In 1937, Bächtiger designed the ceramic mosaic Christus segnet die Familie for the parish church in Wünnewil. Between 1938 and 1940, Bächtiger painted a mural in the choir of St. Sebastian's Church in Henau. His work in Gossau also included 18 stained-glass windows that were once displayed in the courtroom of the Amtshaus.

The murals in Hochdorf's cemetery hall are considered Bächtiger's principal work. The series comprises 28 paintings on the themes of the Dies irae and the Apocalypse, executed in 1933–1936 and 1942–1945.

Bächtiger sought to modernise religious painting while retaining a figurative approach. He favoured carefully structured compositions and intensified colours and forms, while remaining relatively faithful to natural appearances. In his biblical scenes, he portrayed figures in contemporary clothing against familiar local mountain landscapes.

Bächtiger's religious art divided opinion: church patrons often found him too modern, whereas art critics associated him with an earlier era. His heroic figures attracted particular criticism after the Second World War, and some were removed. With fewer public church commissions after the Second World War, Bächtiger increasingly undertook private commissions and pursued his own painting. His final major commission for a religious work was completed in Altdorf in 1966.
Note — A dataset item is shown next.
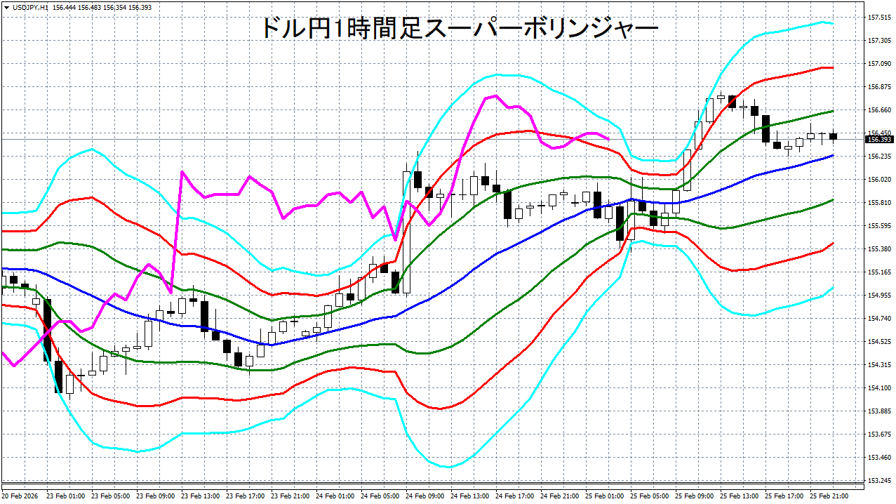 添付チャートは、ドル円の1時間足をスーパーボリンジャーで表示したチャートです。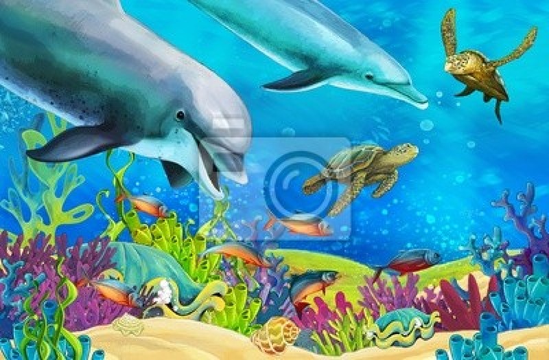 Фотообои - Черепахи и дельфины. Артикул 10003796.

Beyond his religious commissions, Bächtiger produced landscapes, nudes and still lifes. Between 1915 and 1923, he produced illustrations for St. Gallen schoolbooks. His book illustrations included Gustav Wiget's Schweizergeschichte (1921) and Arnold Büchli's Sagen von Graubünden (1933 and 1935). Unlike his religious murals and altarpieces, his watercolours and easel paintings featured a more spontaneous approach and post-Impressionist forms and colours.